== TASK OBJECTIVE ==
A faithful transcription is wanted of the lines from the top of the material through the line that holds "- EUR/USD could", both ends included, leaving out the pictures.
<<<<
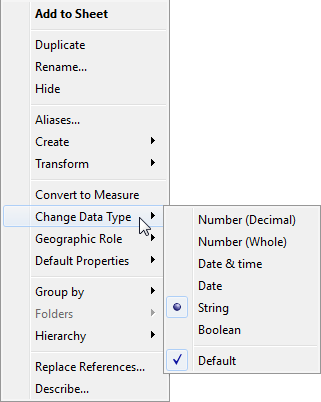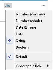 提示:确保在创建数据提取之前更改数据类型。否则,数据可能会不正确。举例来说,如果 Tableau 将原始数据源中的浮点字段解释为整数,并且您在更改字段的数据类型之前创建数据提取,则 Tableau 中生成的浮点字段的部分精度将被截断。
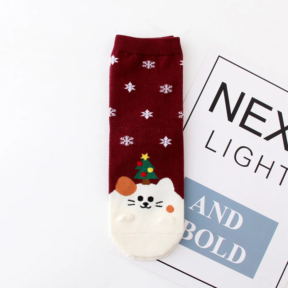 Рождественские короткие носки для женщин и девочек; сезон осень-зима; повседневные милые носки с мультяшным принтом; модные мягкие хлопчатобумажные забавные носки; kawaii
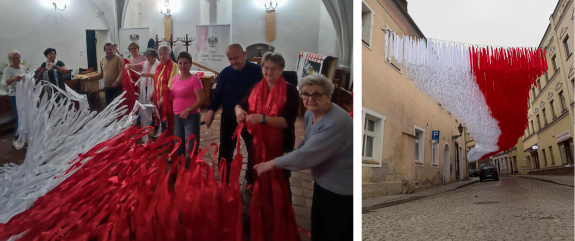 | Wschowa Nad ulicą Kilińskiego we Wschowie zawisła niezwykła, 50-metrowa biało-czerwona flaga. Powstała z około 30 tysięcy wstążek, które przez trzy tygodnie cierpliwie przygotowywali wschowscy seniorzy. Ich dzieło ozdobiło centrum miasta tuż przed obchodami Święta Niepodległości. więcej>> | ||||||||
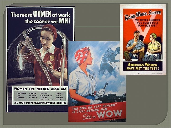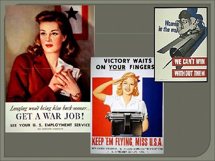 More Homefront Propaganda War Bonds weren’t the only way a person could help in the effort. As men left to fight, women took over the jobs in the factories. Rosie Riveter is one of the most popular posters ever created in the United States. Think about what the arm symbolizes. What about her facial appearance/expression?
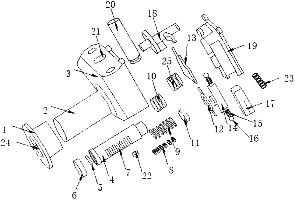 1.一种磁式电源锁,包括面盖(1)、基座(3)和后盖(19),其特征在于,所述面盖(1)的一端通过连接筒(2)与基座(3)固定相连,所述基座(3)的另一端与后盖(19)固定相连,所述连接筒(2)的内部固定连接有锁芯(4),所述锁芯(4)的一端通过翻板(5)与锁芯护面(6)固定相连,所述锁芯(4)内部一侧通过插片弹簧(8)弹性连接有若干插片(9),所述锁芯(4)的另一端通过锁芯回位簧(10)弹性连接有大插片(11),所述大插片(11)的另一端通过封盖(12)固定连接有滑块(13),所述滑块(13)的另一端固定在点火转子(14)上,所述点火转子(14)的内部两端通过钢球弹簧(15)弹性连接有钢球(16),所述点火转子(14)的另一端固定连接在拉线座(17)上,所述拉线座(17)的一侧固定连接在转动轴(18)上,所述转动轴(18)的上端固定连接在后盖(19)上,所述转动轴(18)的下端位于基座(3)的内部通过转轴回位簧(25)弹性连接有锁舌(20)。
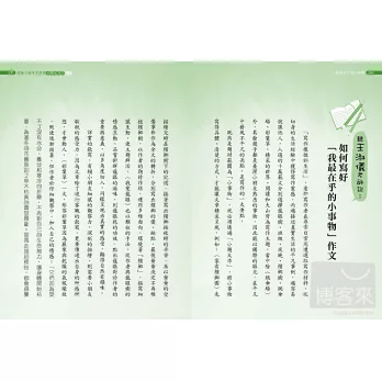 作文書光教技巧還不夠,《國語日報 年度嚴選 小學生作文100》嚴選100年度兒童藝文版所刊登過的作文,從中挑出100篇優良範例,分為13個作文類別,學生能依欲練習的作文類別快速查找,瞬間聚焦。
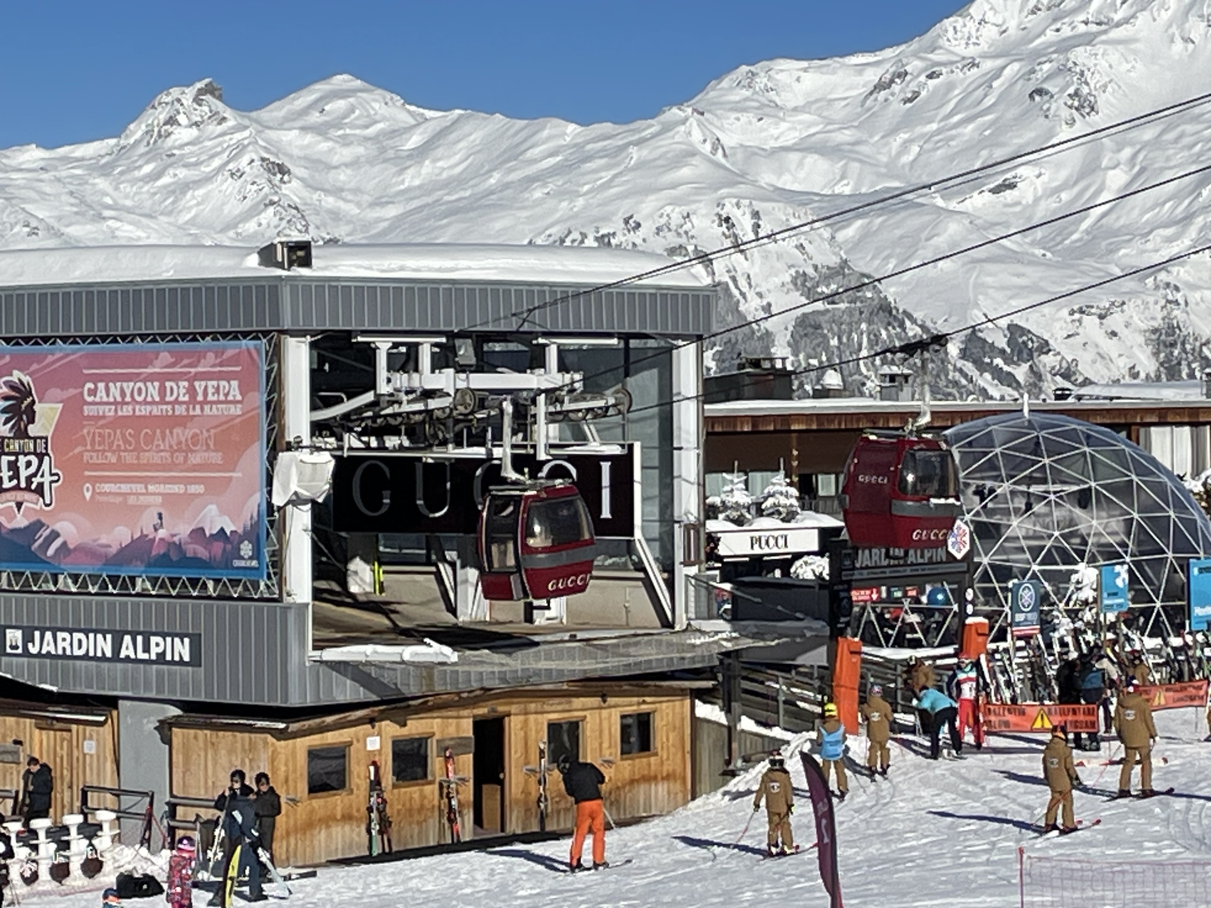 soupe: Oraz - takie rzeczy tylko w Courchevel. Tak, na zdjęciu widzicie kolejkę linową w kolorach Gucci. |
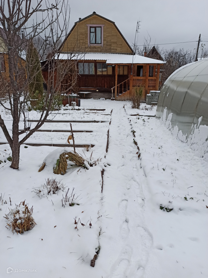 Садовый участок 5 соток. На нем расположены: двухэтажный дом 72 кв.м, баня, туалет, сарай, теплица. Из насаждений: плодоносящие яблони, сливы, ирга, клубника. На участке есть скважина.
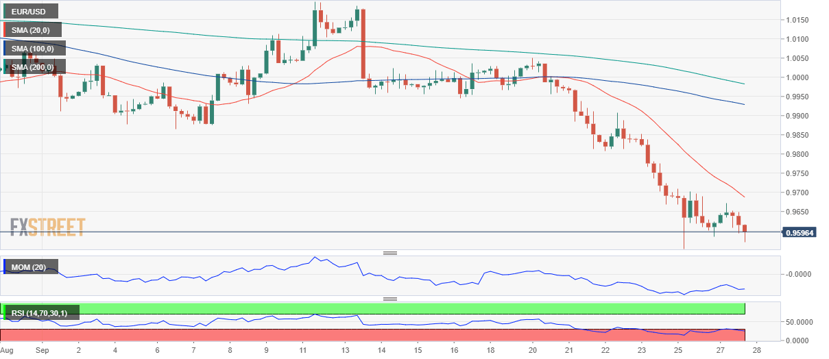 - EUR/USD could not retain gains above 0.9600, hinting at lower lows coming next.
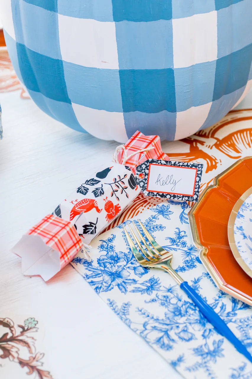Now let's move on to the place setting and what your guests will be gobbling off of! These blue toile pumpkin plates are a necessity in this table-scape. Not only are they perfectly on-theme, they also look like fine dinnerware.
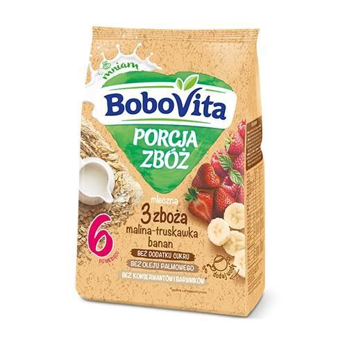 BoboVita Porcja zbóż mleczna kaszka 3 zboża malina truskawka banan, 210g
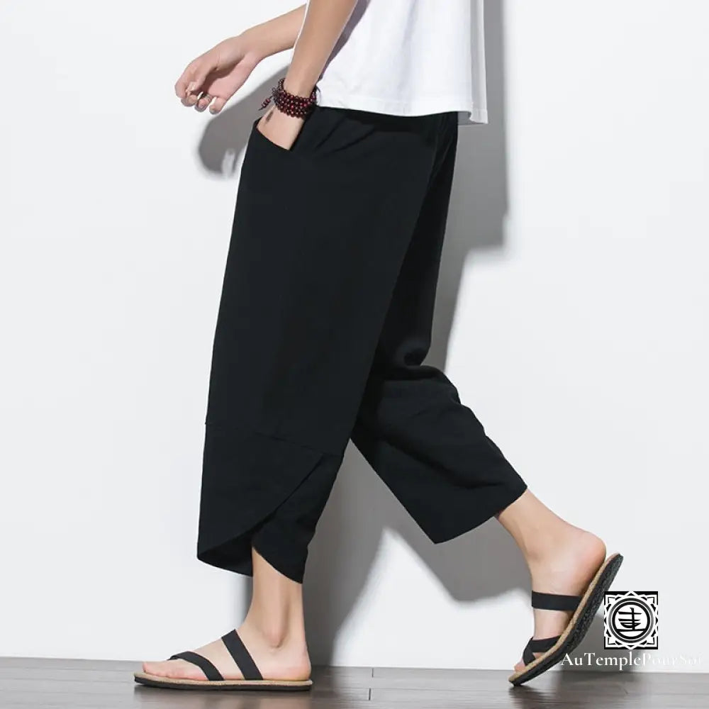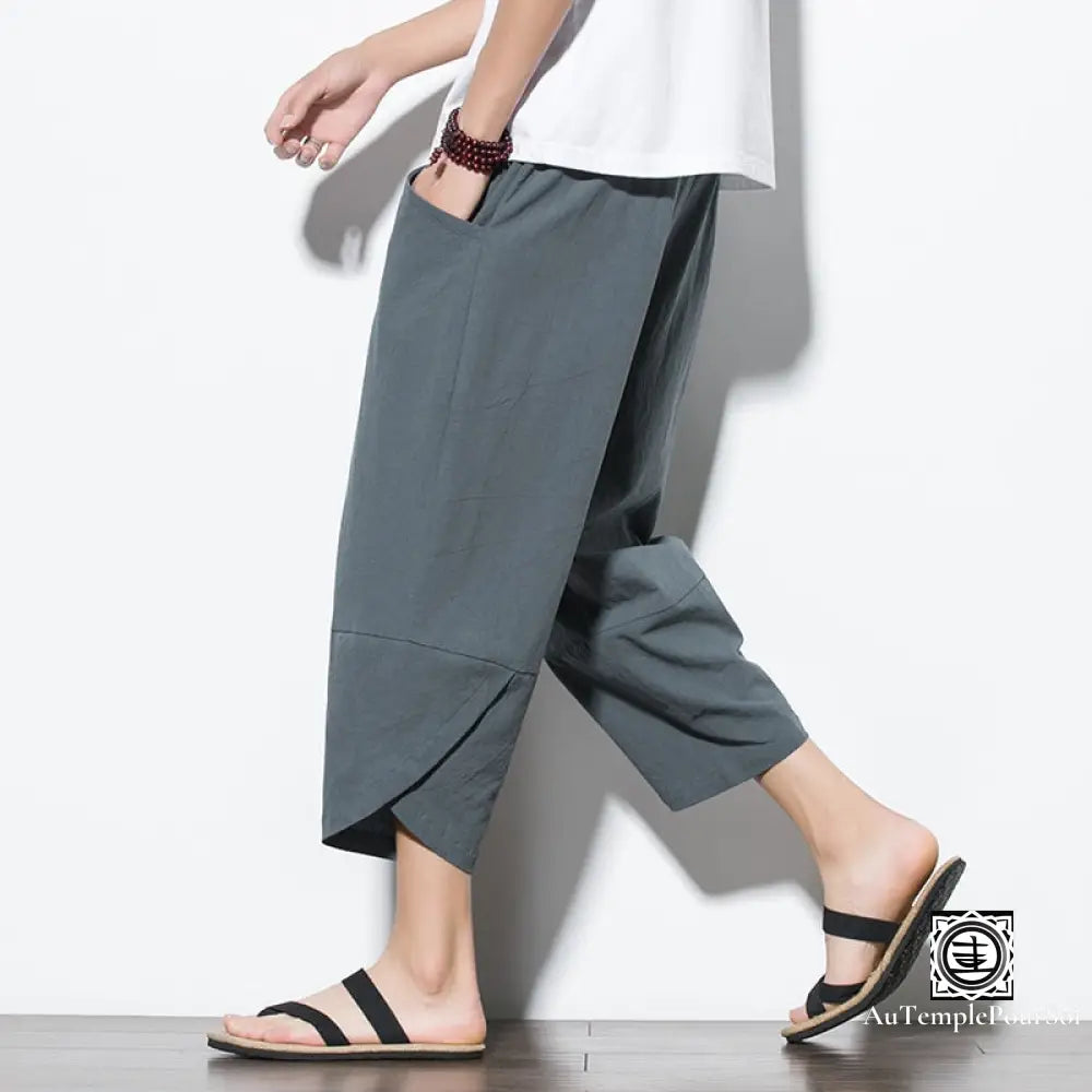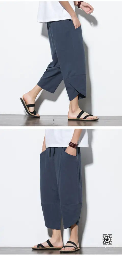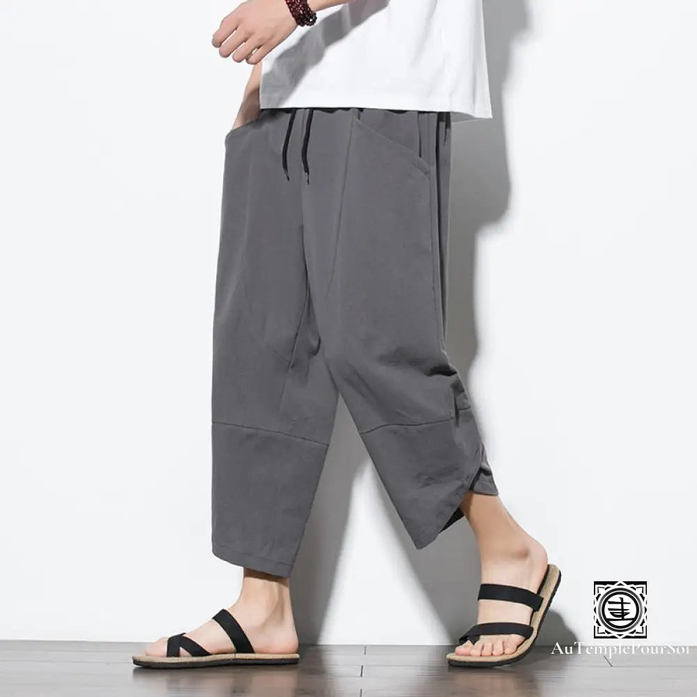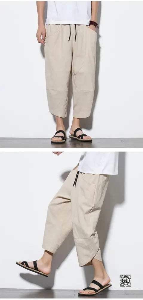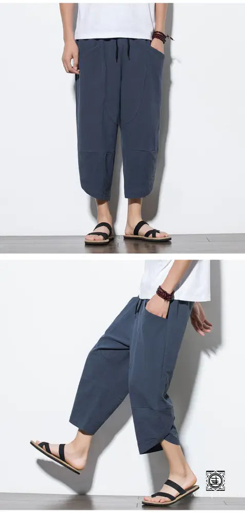 Ce pantalon sarouel est conçu avec du coton et du lin pour offrir une sensation de confort et une respirabilité exceptionnelles. Avec sa longueur mollet, ce pantalon est parfait pour les journées d'été décontractées.
>>>>
== EXPECTED OUTPUT ==
 提示:确保在创建数据提取之前更改数据类型。否则,数据可能会不正确。举例来说,如果 Tableau 将原始数据源中的浮点字段解释为整数,并且您在更改字段的数据类型之前创建数据提取,则 Tableau 中生成的浮点字段的部分精度将被截断。
 Рождественские короткие носки для женщин и девочек; сезон осень-зима; повседневные милые носки с мультяшным принтом; модные мягкие хлопчатобумажные забавные носки; kawaii
 | Wschowa Nad ulicą Kilińskiego we Wschowie zawisła niezwykła, 50-metrowa biało-czerwona flaga. Powstała z około 30 tysięcy wstążek, które przez trzy tygodnie cierpliwie przygotowywali wschowscy seniorzy. Ich dzieło ozdobiło centrum miasta tuż przed obchodami Święta Niepodległości. więcej>> | ||||||||
 More Homefront Propaganda War Bonds weren’t the only way a person could help in the effort. As men left to fight, women took over the jobs in the factories. Rosie Riveter is one of the most popular posters ever created in the United States. Think about what the arm symbolizes. What about her facial appearance/expression?
 1.一种磁式电源锁,包括面盖(1)、基座(3)和后盖(19),其特征在于,所述面盖(1)的一端通过连接筒(2)与基座(3)固定相连,所述基座(3)的另一端与后盖(19)固定相连,所述连接筒(2)的内部固定连接有锁芯(4),所述锁芯(4)的一端通过翻板(5)与锁芯护面(6)固定相连,所述锁芯(4)内部一侧通过插片弹簧(8)弹性连接有若干插片(9),所述锁芯(4)的另一端通过锁芯回位簧(10)弹性连接有大插片(11),所述大插片(11)的另一端通过封盖(12)固定连接有滑块(13),所述滑块(13)的另一端固定在点火转子(14)上,所述点火转子(14)的内部两端通过钢球弹簧(15)弹性连接有钢球(16),所述点火转子(14)的另一端固定连接在拉线座(17)上,所述拉线座(17)的一侧固定连接在转动轴(18)上,所述转动轴(18)的上端固定连接在后盖(19)上,所述转动轴(18)的下端位于基座(3)的内部通过转轴回位簧(25)弹性连接有锁舌(20)。
 作文書光教技巧還不夠,《國語日報 年度嚴選 小學生作文100》嚴選100年度兒童藝文版所刊登過的作文,從中挑出100篇優良範例,分為13個作文類別,學生能依欲練習的作文類別快速查找,瞬間聚焦。
 soupe: Oraz - takie rzeczy tylko w Courchevel. Tak, na zdjęciu widzicie kolejkę linową w kolorach Gucci. |
 Садовый участок 5 соток. На нем расположены: двухэтажный дом 72 кв.м, баня, туалет, сарай, теплица. Из насаждений: плодоносящие яблони, сливы, ирга, клубника. На участке есть скважина.
 - EUR/USD could not retain gains above 0.9600, hinting at lower lows coming next.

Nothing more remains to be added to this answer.